Cosa ti aspetti da questo esordio?
Da questo esordio mi aspetto soprattutto la possibilità di poter arrivare ad un pubblico di ascoltatori con i quali condividere le mie sensazioni, i miei pensieri e le mie emozioni più intime e profonde.
Come ti sei avvicinato al mondo della musica?

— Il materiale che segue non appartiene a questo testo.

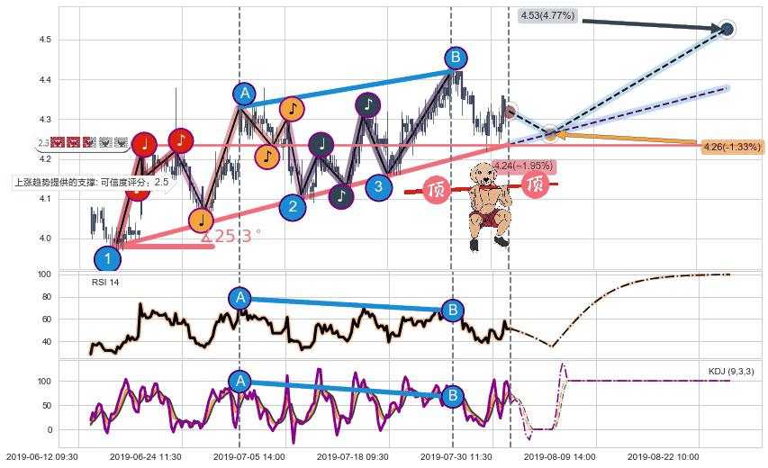 ➣ 预测:2019-08-26 13:00,【继续上扬】稳定目前上涨趋势的前提下,预测价格:4.53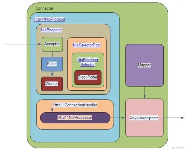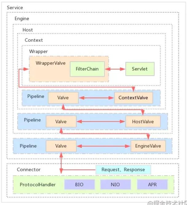 CoyoteAdapter是Connector到Container的适配器,Http11NioProcessor调用其提供的service方法,内部创建Request和Response对象,并调用最顶层容器的Pipeline中的第一个Valve的invoke方法

La musica mi ha accompagnato durante tutta la mia vita, fin da bambino, quando suonando il pianoforte, ho capito che avrei potuto esprimere le sensazioni e gli stati d’animo più nascosti e sconosciuti. In seguito c’è stato l’amore per il cinema e la voglia di creare melodie che potessero essere un connubio armonioso con le immagini. Infine negli ultimi anni la necessità di raccontare le esperienze di una vita, trasformando l’esistenza stessa in una grande colonna sonora, in cui la musica fosse il cuore e le parole fossero il racconto lucido ma anche immaginario della memoria e di un presente senza tempo. E così,ad un certo punto, proprio subito dopo il primo lockdown, ho deciso che volevo provare questa nuova avventura, mettendomi in gioco, perché credo che bisogna sempre rischiare per le cose che ci interessano veramente, altrimenti il vero rischio è quello di perderle.